In a new report, the Union of Concerned Scientists (UCS) is joining a growing number of environmental organizations to back existing nuclear power plants because of climate reasons, despite continued concerns about the technology’s safety and radioactive waste.  Steve Clemmer, a co-author of the report and director of energy research and analysis at UCS was quoted by Axios as saying: “We’re in a place right now from a climate perspective [where] we have to make some hard choices.
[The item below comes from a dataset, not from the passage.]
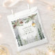 Create a charming takeaway for your guests with the Winter Rustic Pine Trees Lantern Botanical Wedding Favour Bag. This beautifully designed favour bag features a serene winter scene with pine trees and a hanging lantern, perfectly capturing the essence of a rustic winter wedding. Accented with botanical elements and customisable with your names and wedding date, it's an elegant way to package treats or small gifts for your guests. The snowy background and detailed foliage make these bags a delightful addition to your wedding decorations, helping to create memorable moments for everyone in attendance.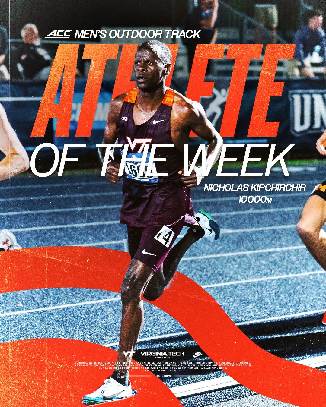 🔼 In The Nick Of Time. After a podium finish at the Raleigh Relays, Nicholas Kipchirchir was named ACC Men’s Outdoor Track Co-Athlete of the Week.

We need every low-carbon source of power we can get.”

 

Scientists at Chalmers University of Technology in Sweden have developed a new molecule for use in a molecular solar thermal (MOST) energy storage system.  In such systems, a photo-switchable molecule absorbs sunlight and undergoes a chemical isomerization to a metastable high energy species.  The fluid containing that species can then be stored, and when heat is needed, passed over a catalyst that causes heat to be released for use as the molecule returns to its original state.

 

In the past five years, the amount of renewable energy capacity in the UK has tripled while fossil fuels’ capacity has fallen by one-third.  The result is that between July and September, the capacity of wind, solar, biomass and hydropower reached 41.9GW, exceeding the 41.2GW capacity of fossil fuel-fired power plants.  And in the U.S., a record number of coal-fired power plants will close this year, with cheap natural gas and renewables expected to replace lost capacity.  A report by the Institute for Energy Economic and Financial Analysis shows that a record 15.4GW of coal capacity will close.

 

A new paper in the journal Nature Ecology and Evolution has found that the impacts of wind turbines are more far-reaching than previously thought.  The authors wrote: “By reducing the activity of predatory birds in the area, wind turbines effectively create a predation-free environment that causes a cascade of effects on a lower trophic level.”  In the developing world, an estimated 3,700 dams, large and small, are now in various stages of development.  A new paper in the Proceedings of the National Academy of Sciences studied this proliferation of large dams and the importance of incorporating climate change into considerations of whether to build a dam.